# Escambia Bay bridge



## RandyGuy (Dec 20, 2014)

Met my friend Bud near the bridge and started catching some Asian shore crabs then launched the boat and hit the middle of the bridge. We hooked up at 9 with his friend Owen who lost the first fish which bent the hook. Bud hooks up with the first fish in the boat but undersized. Second was bud again this time 14". Third fish was me with an 11.5" fish. Caught another at 12.5". Double hook up for me and Bud putting another in the boat and mine thrown back. We head to Garcon point for some reds and trout on artificial lures with no luck. We head in for lunch and pick up Owens girl. We head back to another spot and Owens girl Dana hooks up on a 14" fish. Afterward I hook up and the fish comes and pulls the hook.
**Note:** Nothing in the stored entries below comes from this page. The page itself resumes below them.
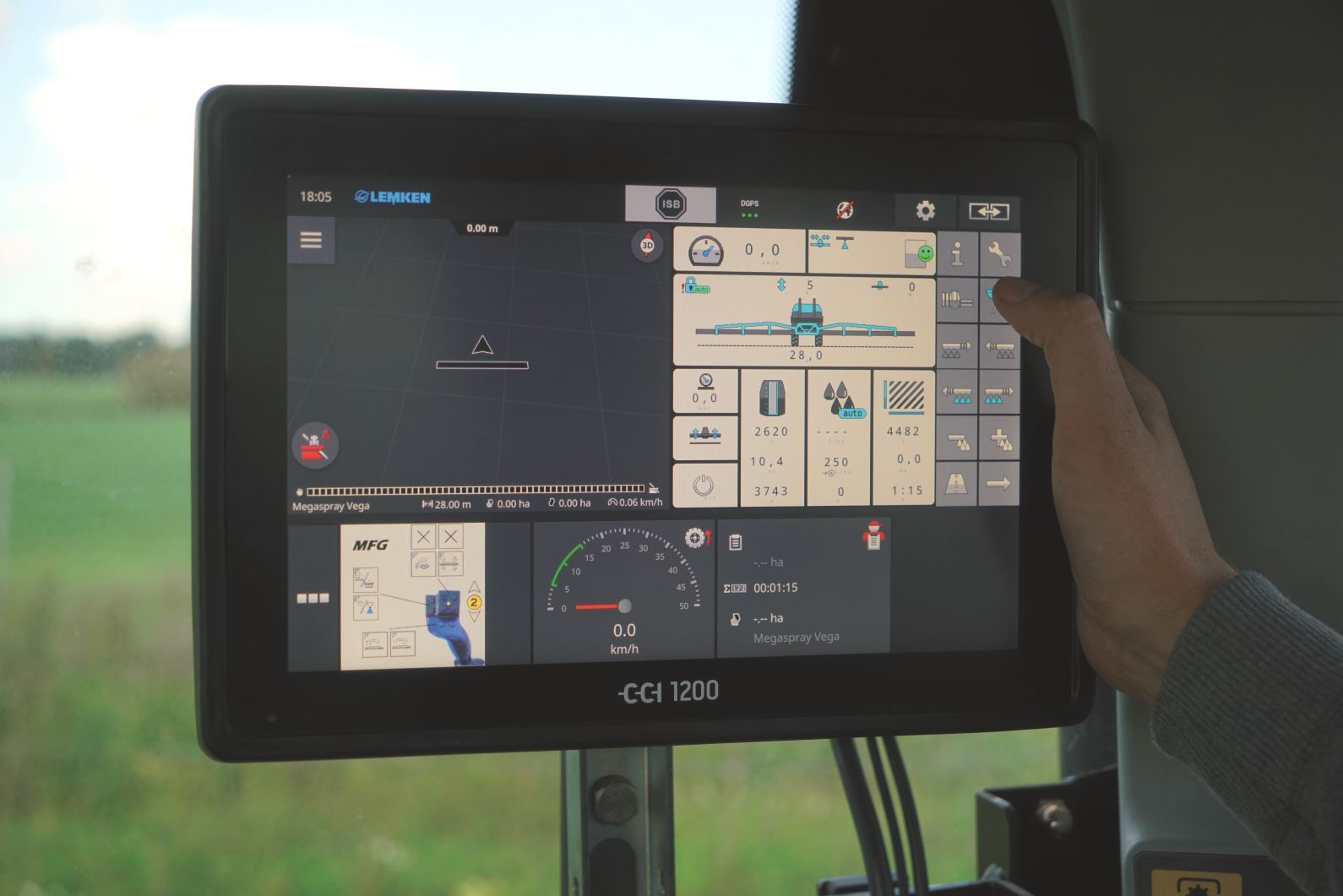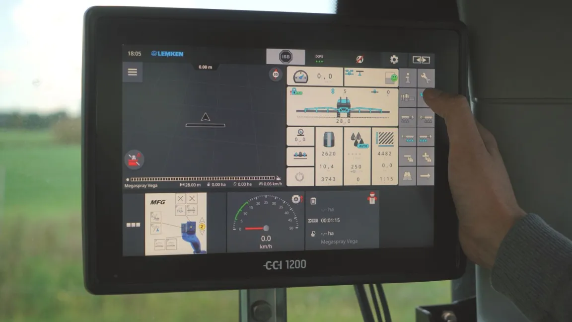 Die Pflanzenschutz-Spritze bedient der Anwender über ein Terminal per Touchscreen bequem vom Schleppersitz aus. Damit schaltet er sein Gerät ein, betätigt die Innenspülung oder legt die auszubringende Flüssigkeitsmenge pro Hektar fest. Das Terminal regelt dementsprechend die Ausbringung in Abhängigkeit der Fahrgeschwindigkeit und teilt nützliche Informationen wie Hektarleistung mit der vorhandenen Spritzbrühe mit. Heute kann die Technik aber noch viel mehr. Der Landwirt sendet beispielsweise Arbeitsaufträge vom Büro direkt an das Terminal. Das ist besonders interessant für Betriebe mit Mitarbeitern oder Aushilfen. Diese brauchen mit der Spritze nur noch zum Feld fahren, und das Terminal setzt alle zuvor mitgeteilten Vorgaben um. Nach getaner Arbeit erfolgt vom Terminal eine Meldung ans Büro. Der Landwirt nutzt diese Meldung, um die gesetzlich geforderte Dokumentation der Pflanzenschutz-Maßnahme zu erfüllen. Im Terminal werden auch die GPS-Informationen verarbeitet und zum Beispiel für die Düsensteuerung umgesetzt.
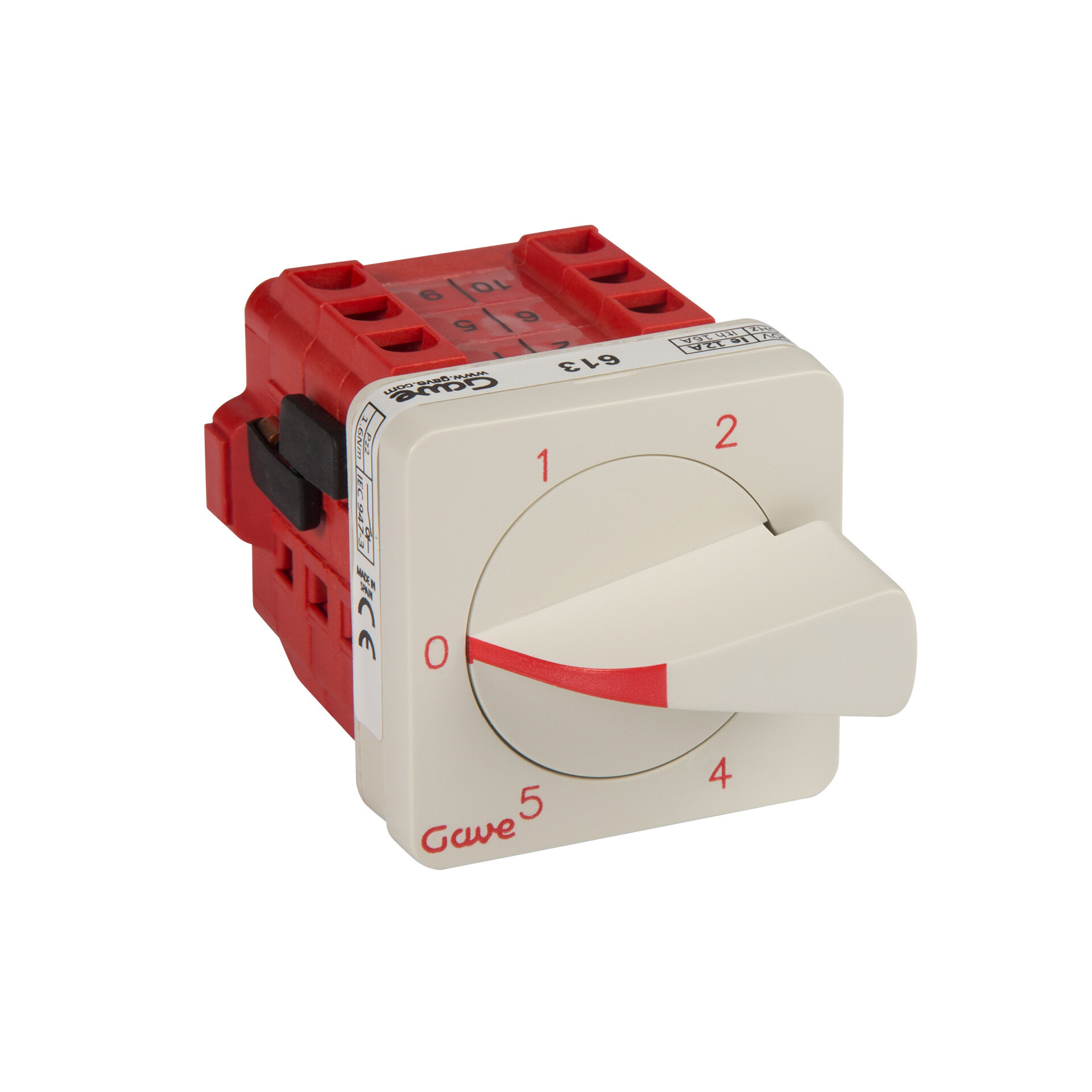 Conmutador de levas , IP20 con carátula 0-1-2-3-4-5 color gris 48x48 para fijación panel. 1 polos 25A.Tamaño D0. Mando ergonómico de montaje rápido sin tornillos. Conexionado con bornes de jaula para cable 2,5-6 mm². Compatible con múltiples accesorios de la serie A5.
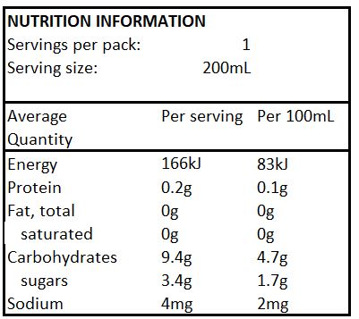Ingredients: Water, Reconstituted fruit juice [Pineapple (13.7%), Orange (7%), Passionfruit (0.5%)], Sweetners [erythritol, Steviol Glycosides (Stevia)], Acidity regulator (citric acid), Natural flavours.
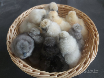 Disponibilità saltuaria di pulcini di razza Moroseta nelle colorazioni crema o blu.
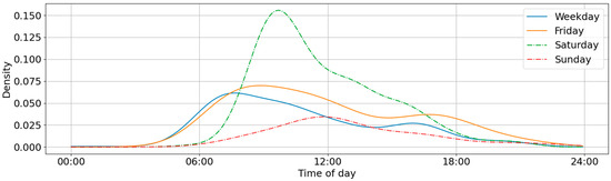 The entry events were separated by day since Friday, Saturday, and Sunday experienced different usage patterns than the working weekdays Monday–Thursday, as presented in Figure 3. This was to be expected, since, on Monday–Thursday, people generally follow similar work–life patterns. The peak connection time on weekdays is around 07:00–09:00, in line with commuter usage. There is also a second, smaller peak in the late afternoon from residents and evening visitors. It appears that a higher proportion of people arrive late on a Friday, to then park for the night or weekend. Saturday is a day in which people travel to the city for social/leisure purposes, whilst Sunday may still be regarded as a day of rest and, therefore, reduced P&R activity.

Missed another fish to the pylons. Switch sides again and Dana hooks up again while Owen doesn't and brings in a 13" sheepshead. I hook up with a nice fish which almost pulled the rod out of my hands. 
Final tally in the cooler. 
Bud- 3
Me- 3
Owen- 0
Dana- 2


----------



## jaster (Oct 7, 2007)

Pictures or it didnt happen!!!!! Good report


----------



## RandyGuy (Dec 20, 2014)

Sheepies
Just my three.


----------



## Jason (Oct 2, 2007)

Good going on some good eats!!!


----------